Morbidity data collection
The health workers also collected morbidity data during their visits every third day by observing the child's health status on that day and interviewing mothers regarding their child's health status for the two previous days. If the child was found to have a cough, respiratory rate was measured. If they had at least one URTI symptoms (see below), axillary temperature was measured using a digital thermometer. The results of the observation and interview were recorded on structured questionnaires and reported to supervising physicians fortnightly. The latter diagnosed URTI based on symptoms reported, and randomly checked children's health status and visited the subjects if necessary.
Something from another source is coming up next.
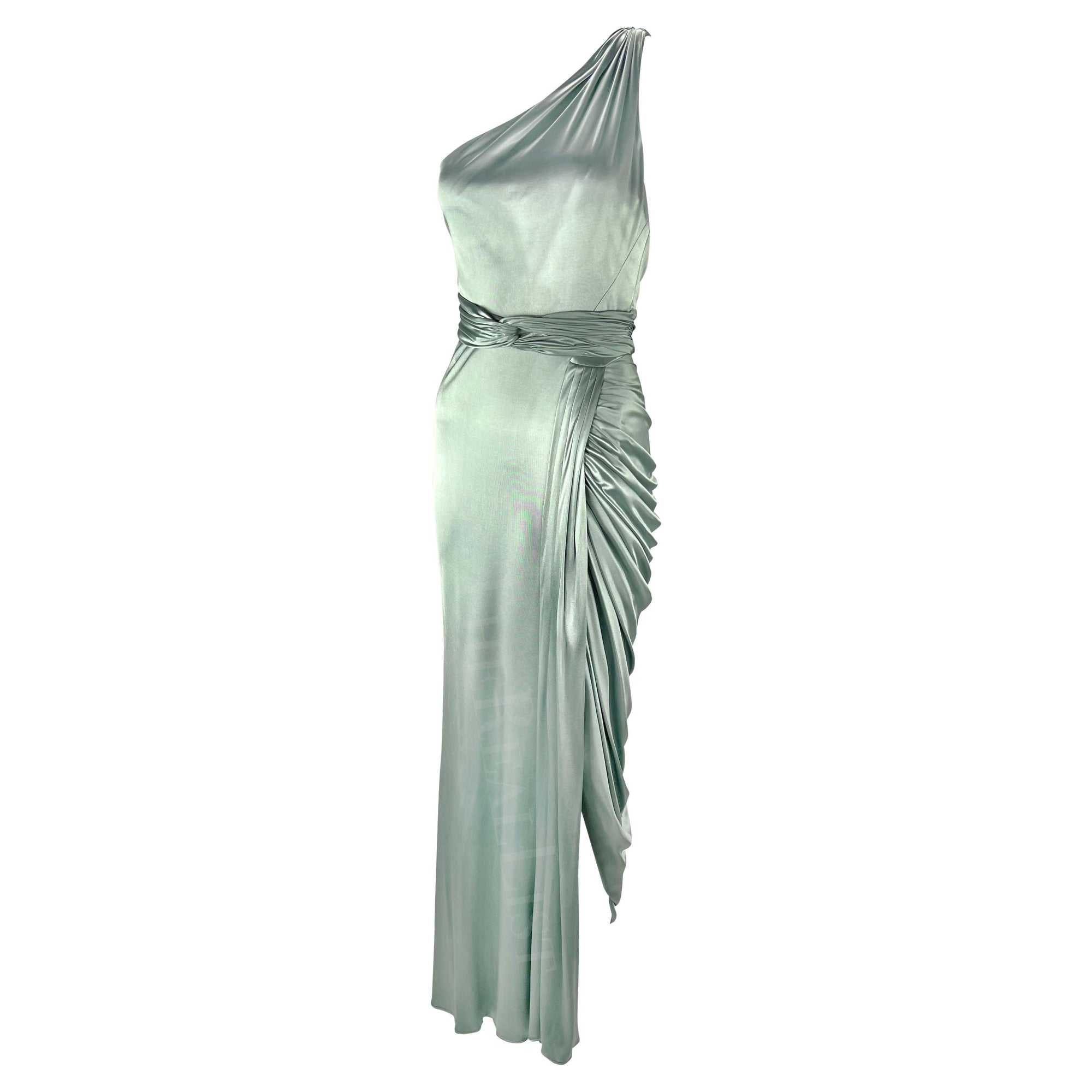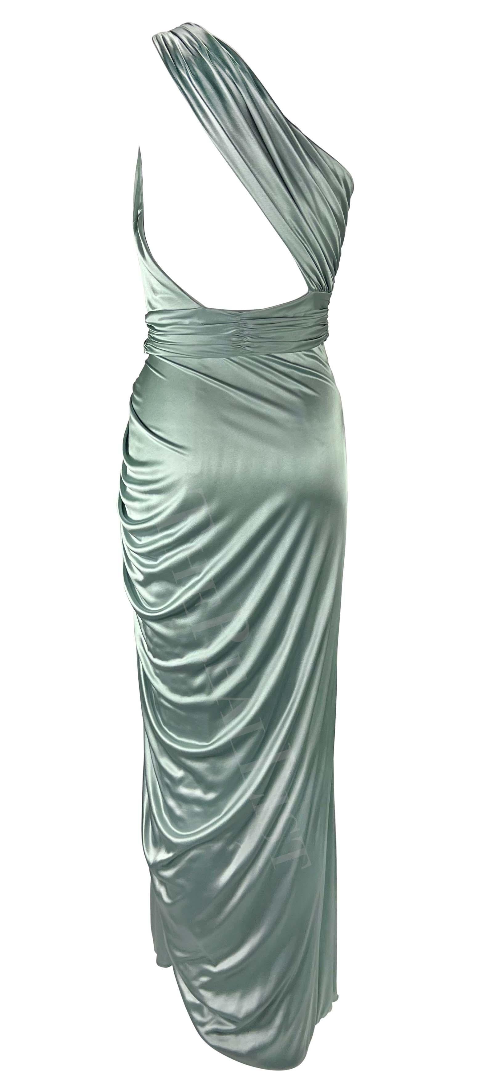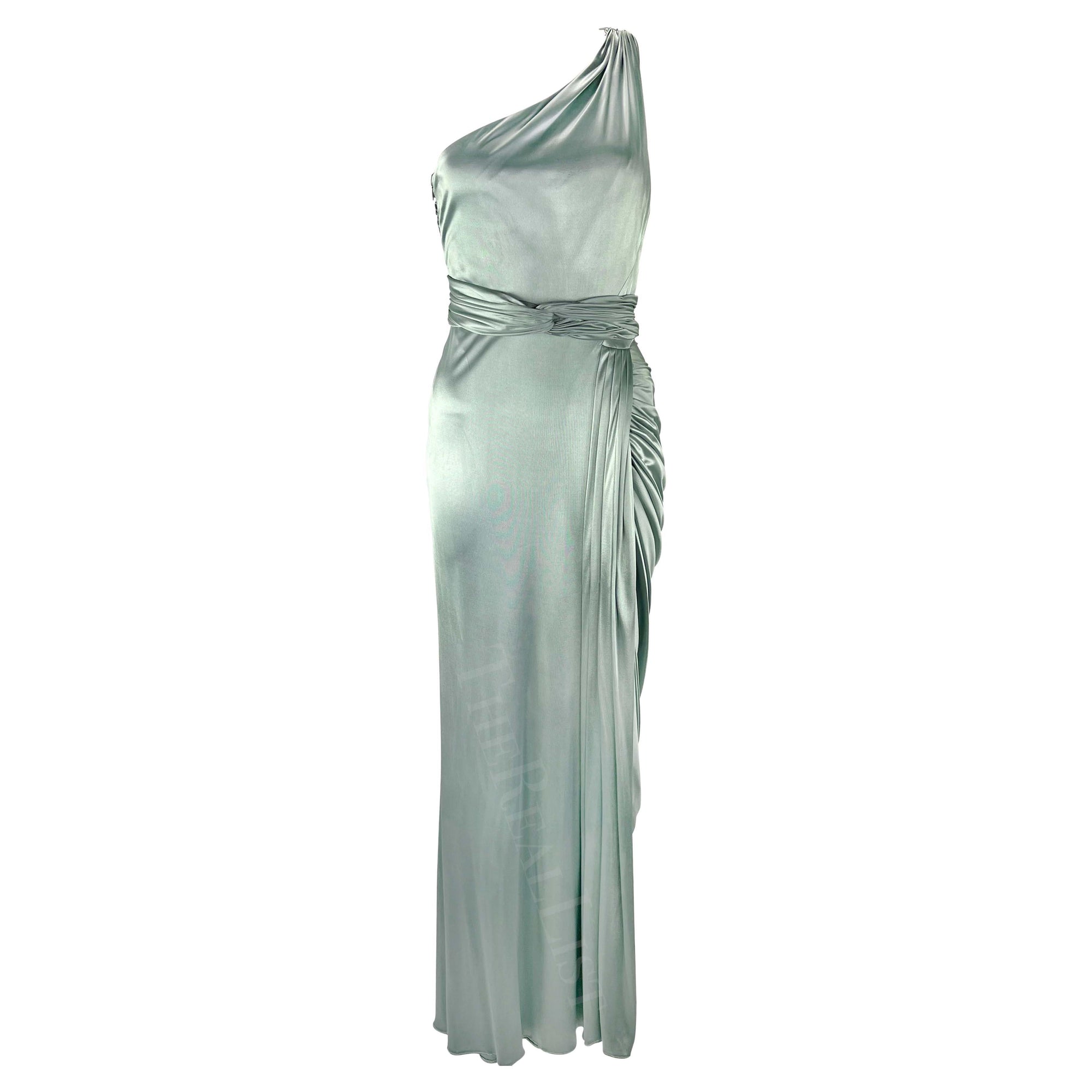 Presenting a gorgeous light blue stretch Versace gown, designed by Donatella Versace. From the Fall/Winter 2006 collection, this high-slit dress debuted on the season's runway as look 43 modeled by Mariacarla Boscono. The dress was also highlighted in the season's ad campaign, modeled by Kate Moss and captured by Mario Testino. This slinky single-shoulder gown perfectly hangs from the body with drape details at the shoulder strap and hips.

An URTI episode was defined as the presence of at least two of the following clinical symptoms experienced for at least 1 d: runny nose (ongoing discharge from the nose), cough, sore throat and raised body temperature, or one of the symptoms for at least 2 d, without the signs of difficult or rapid breathing. A total of three aspects of URTI morbidity, namely the number of episodes, percentage of days with URTI and duration per episode, were used as dependent variables in the present study. A period of three illness-free days between the episodes was required for a new episode to be defined. This definition of URTI episode is adapted from definitions used in previous randomised controlled Zn supplementation studies( Reference Ruel, Rivera and Santizo 16 – Reference Osendarp, Van Raaij and Darmstadt 19 ) modified to specifically measure URTI (instead of respiratory infections more generally, or irritation problem) in preschool-age children. The percentage of days with URTI was defined as the number of days with URTI divided by the number of observation days, expressed as a percentage. The duration of URTI episodes was defined as the number of days with URTI for each episode.
Other measurements
Child and family characteristics and socio-economic data were collected at baseline by interview using structured questionnaires. Anthropometric assessment was conducted at baseline by trained undergraduate nutrition students using standard protocols( Reference Gibson 20 ) – weight measured on a Seca portable digital scale to the nearest 100 g, and height measured standing using a measuring board to the nearest 0·1 cm. Z scores for anthropometric indicators were calculated based on WHO/National Center for Health Statistics reference distributions using Nutrisoft software (Nutrition Research and Development Centre, Health Research and Development Institute of Indonesian Ministry of Health).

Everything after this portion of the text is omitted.